By WEN XINZHENG in Changsha and AN BAIJIE in Beijing | China Daily | Updated: 2013-07-03 02:00

In June last year, the Hunan Provincial Higher People's Court sentenced two of the girl's kidnappers to death. Four others received life sentences and another man was sentenced to 15 years in prison.

The sentences did not satisfy Tang, and she petitioned for harsher punishment. She also accused the police of dereliction of duty in her daughter's case.

On Aug 2, when she was petitioning in front of a local government building in Yongzhou, she was put into a labor camp for "seriously disturbing social order and exerting a negative impact on society".

She was sentenced to 18 months in the laojiao camp, but was released eight days later amid public outcry urging her release. The Yongzhou laojiao committee explained afterward that she was released out of "humane concerns" rather than from a wrong verdict.

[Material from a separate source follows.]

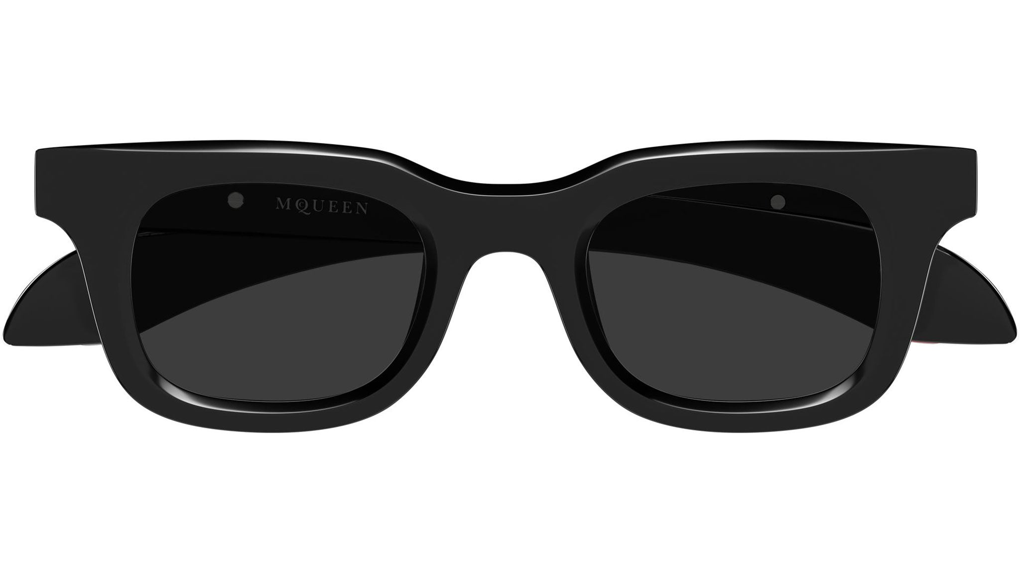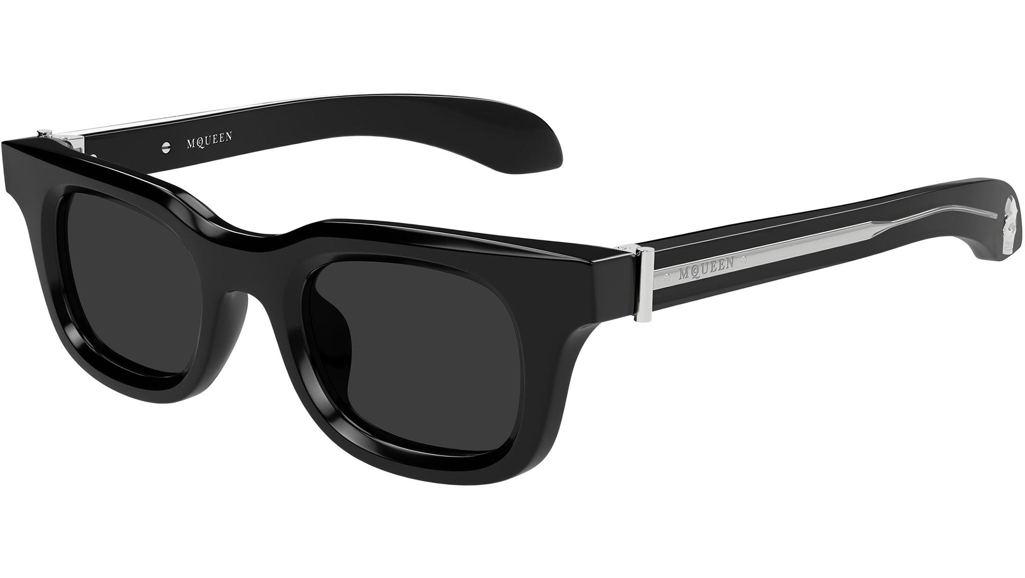 Occhiali da sole Alexander McQueen AM0547S 001 uomo con montatura rettangolare in acetato riciclato nero lucido tinta unita e lenti grigio tinta unita. Linea: Skull. Codice modello: AM0547S. Codice colore: 001. Made in Japan. Rivenditore autorizzato Alexander McQueen online. Gli occhiali vengono consegnati con custodia e accessori originali e sono coperti dalla garanzia ufficiale di 12 mesi del produttore.

In January, she filed a lawsuit against the committee, but her request for an apology and compensation was denied by the court in April.

An obsolete system

The practice of laojiao, the system of re-education through labor, was established in the early 1950s and legalized in 1957 by China’s top legislature.

Under the laojiao system, used to detain people for committing minor crimes, a person can be confined for up to four years without an open trial.

The laojiao system was imposed at a time when the nation attempted to create social order after the establishment of the People’s Republic of China in 1949.

In recent years, however, the public has been strongly opposed to the practice, particularly among legal professionals.

Many argue China has already established legal procedures and facilities for prosecuting and punishing petty criminals, rendering laojiao obsolete.

In early February, Meng Sutie, secretary of the Yunnan provincial Party’s commission of politics and law, announced that people suspected of jeopardizing State security, repeatedly petitioning or defaming the image of Party leaders will no longer be punished through laojiao.

At a news conference in March, Premier Li Keqiang said that the laojiao system might be reformed this year.

The top legislature is working to draft a new law on legal procedures for prosecuting illegal acts that is more lenient and protective of the rights of minor offenders. The law is widely believed to put an end to laojiao.